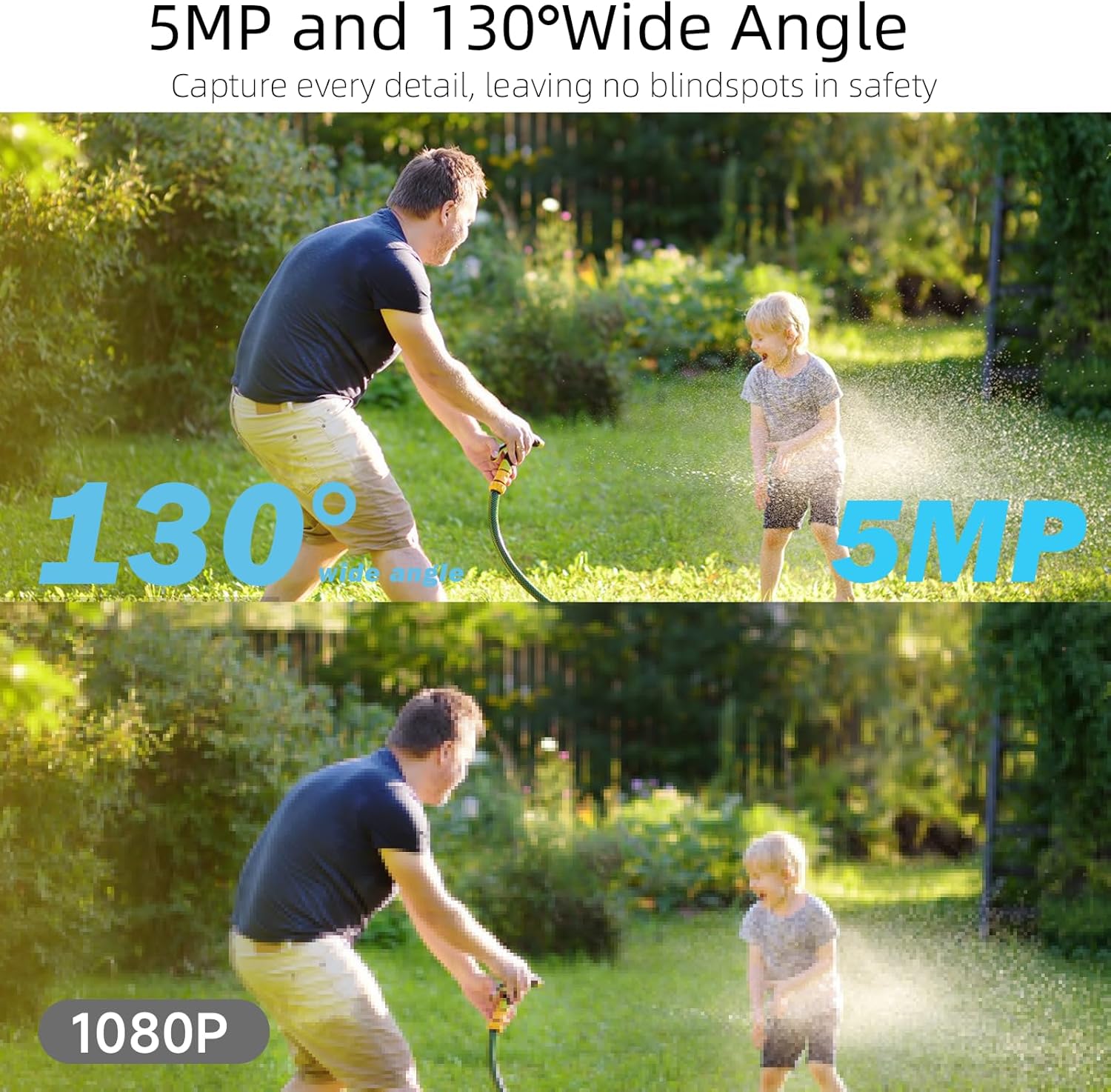 【Extremely HD 5MP Decision & Colourful Night time Imaginative and prescient】Elevate your own home safety with our cutting-edge outside safety digicam. Seize crystal-clear 5MP decision footage, offering unparalleled element. The broad 130° wide-angle ensures complete protection, whereas vibrant coloration night time imaginative and prescient enhances visibility in low-light circumstances, making it a super outside digicam.
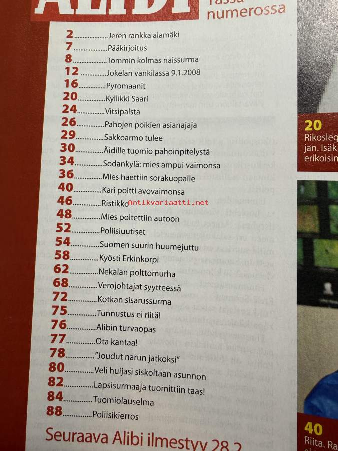 Alibi 2008 nr 2, katso sisällysluettelo
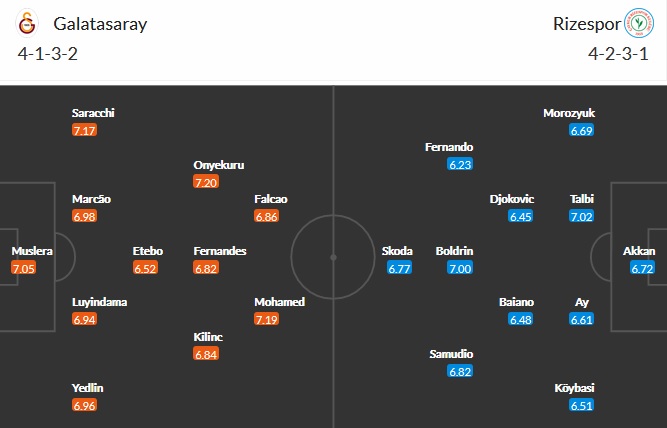 Đội hình dự kiến Galatasaray vs Rizespor
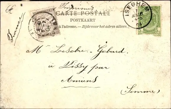 Zustand, siehe Scan, gelaufen, 1904 - ca 14 cm X 9 cm
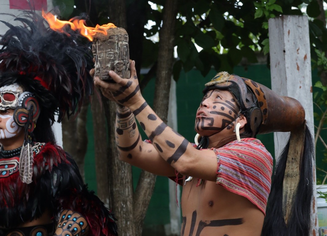 El coordinador de Culturas Populares y maestro de lengua maya, Román Pat, presidió la ceremonia pidiendo permiso a los cuatro puntos cardinales como dicta la tradición, y resaltó la participación de los danzantes Mayas de Mayapax.
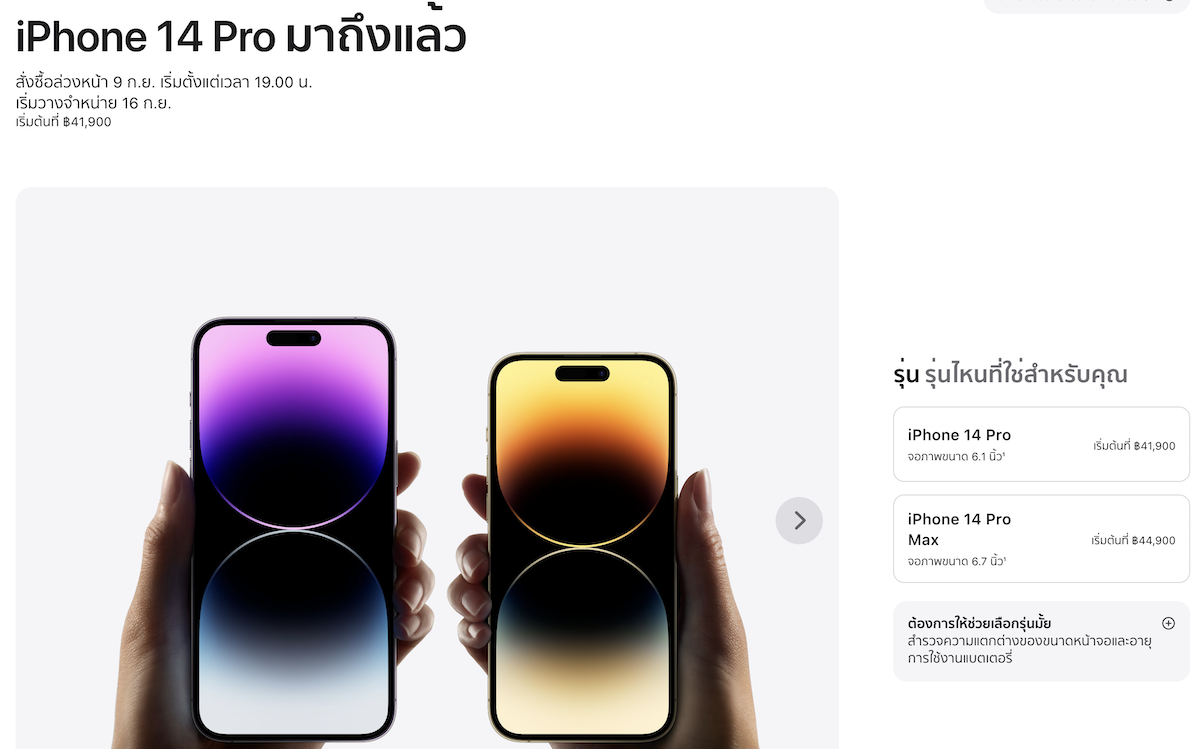 - ลูกค้าสามารถซื้อ iPhone 14 Pro ในราคา 41,900 บาท และ iPhone 14 Pro Max ในราคา 44,900 บาท ที่ apple.com/th/store, ในแอป Apple Store และที่ร้าน Apple Store iPhone 14 และ iPhone 14 Pro Max ยังวางจำหน่ายผ่านตัวแทนจำหน่ายที่ได้รับอนุญาตของ Apple และผู้ให้บริการเครือข่ายโทรศัพท์อีกหลายรายด้วย12
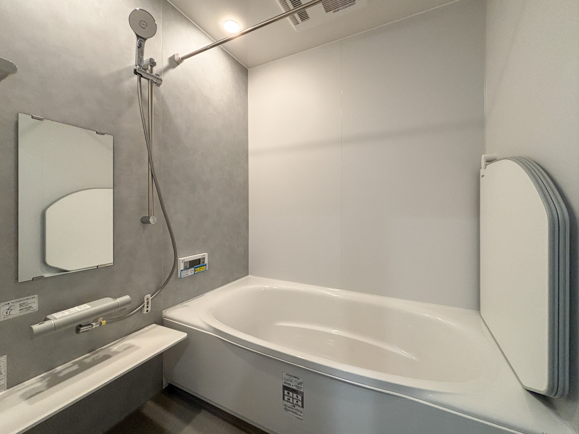 グレーにまとめたゆったりと浸かれる浴槽です。
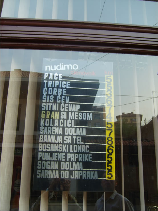 Bu arada, o civarda, bizdeki fukara kesimine hitab eden dargelirli kimseler için, çok para kazanmak tamahı taşımadığı anlaşılan kimselerce işletilen "Aşçinica/ Aşevi" denilen mekanlar da var.. Buralardaki yemek listelerinin ismine bakarsanız, çoğunun bildiğiniz yemekler olduğunu neler olduğunu anlarsınız..
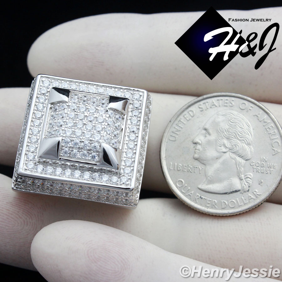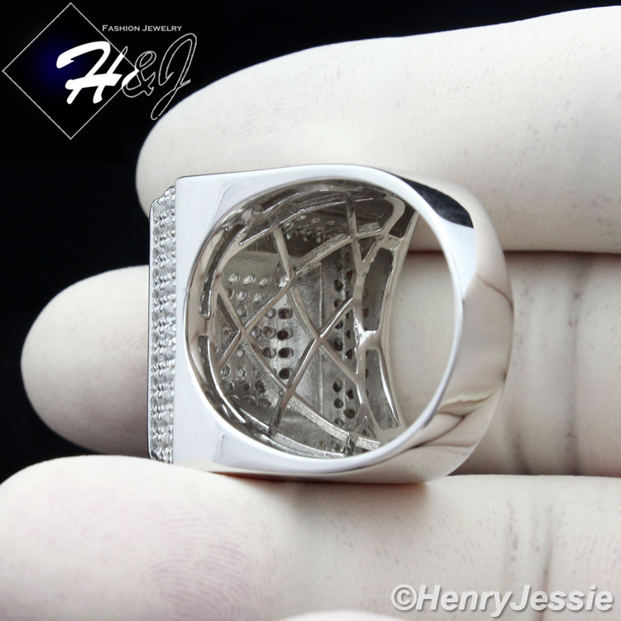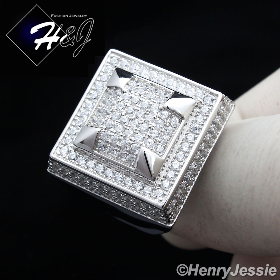 > Sterling Silver > Men > Rings > MEN 925 STERLING SILVER LAB DIAMOND SQUARE ICED BLING RING*SR33
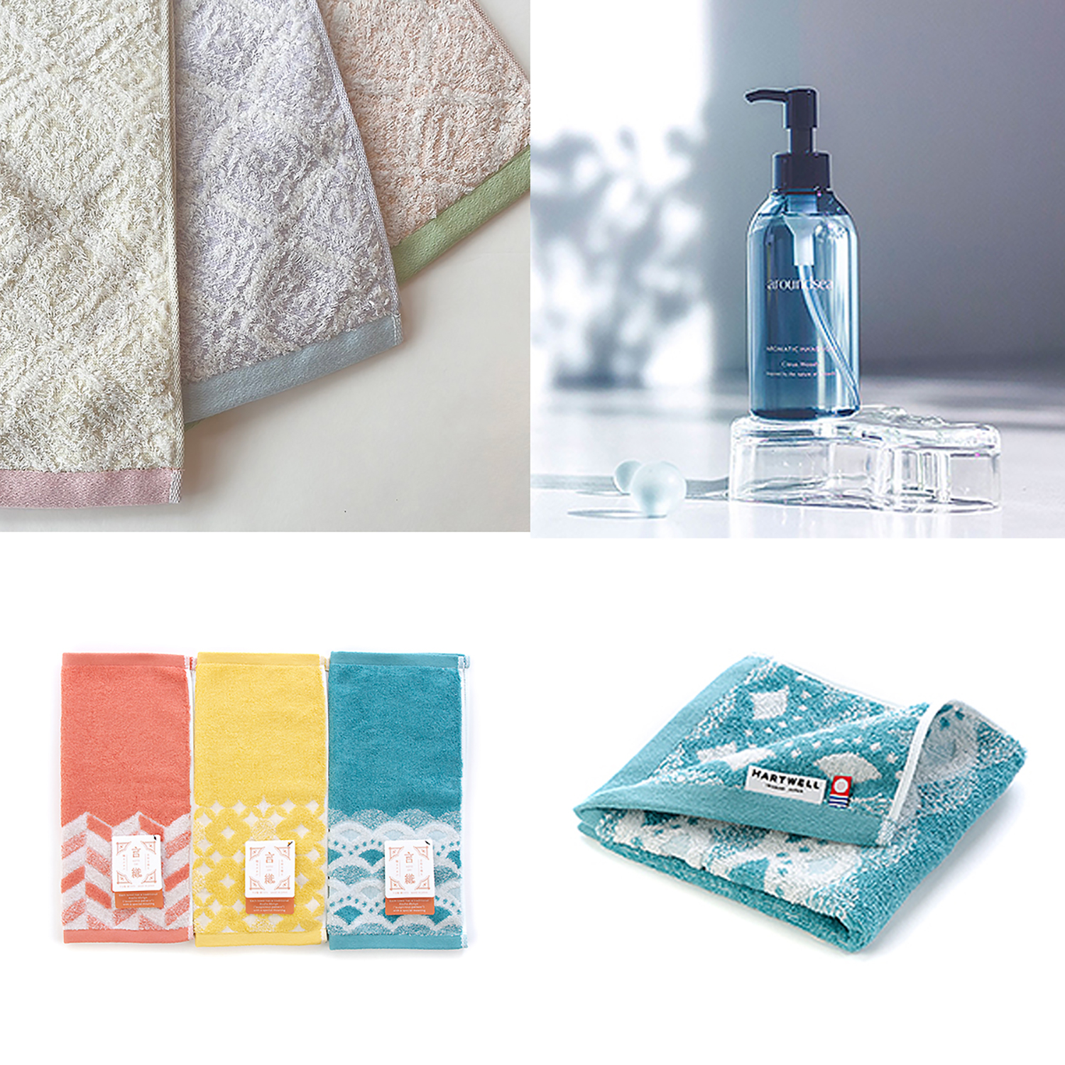 バスタオル2枚、おしぼりタオル2枚にハンドソープが付いたお得なセットです。
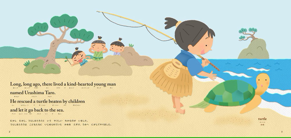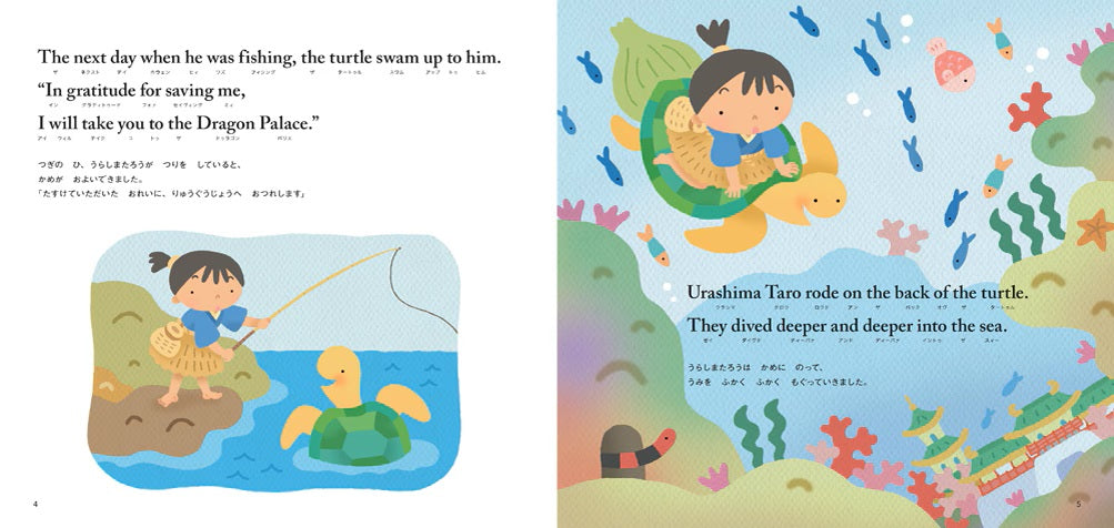 The book comes with a bilingual translation of English and Japanese, and katakana notation that provides clues to English pronunciation, so parents can read the three stories directly to their children.

Brief: Write out exactly the lines from the one containing "Alibi 2008 nr 2, katso sisällysluettelo" through the end of the entries, both included. Pictures are not copied.

Written response:
 Alibi 2008 nr 2, katso sisällysluettelo
 Đội hình dự kiến Galatasaray vs Rizespor
 Zustand, siehe Scan, gelaufen, 1904 - ca 14 cm X 9 cm
 El coordinador de Culturas Populares y maestro de lengua maya, Román Pat, presidió la ceremonia pidiendo permiso a los cuatro puntos cardinales como dicta la tradición, y resaltó la participación de los danzantes Mayas de Mayapax.
 - ลูกค้าสามารถซื้อ iPhone 14 Pro ในราคา 41,900 บาท และ iPhone 14 Pro Max ในราคา 44,900 บาท ที่ apple.com/th/store, ในแอป Apple Store และที่ร้าน Apple Store iPhone 14 และ iPhone 14 Pro Max ยังวางจำหน่ายผ่านตัวแทนจำหน่ายที่ได้รับอนุญาตของ Apple และผู้ให้บริการเครือข่ายโทรศัพท์อีกหลายรายด้วย12
 グレーにまとめたゆったりと浸かれる浴槽です。
 Bu arada, o civarda, bizdeki fukara kesimine hitab eden dargelirli kimseler için, çok para kazanmak tamahı taşımadığı anlaşılan kimselerce işletilen "Aşçinica/ Aşevi" denilen mekanlar da var.. Buralardaki yemek listelerinin ismine bakarsanız, çoğunun bildiğiniz yemekler olduğunu neler olduğunu anlarsınız..
 > Sterling Silver > Men > Rings > MEN 925 STERLING SILVER LAB DIAMOND SQUARE ICED BLING RING*SR33
 バスタオル2枚、おしぼりタオル2枚にハンドソープが付いたお得なセットです。
 The book comes with a bilingual translation of English and Japanese, and katakana notation that provides clues to English pronunciation, so parents can read the three stories directly to their children.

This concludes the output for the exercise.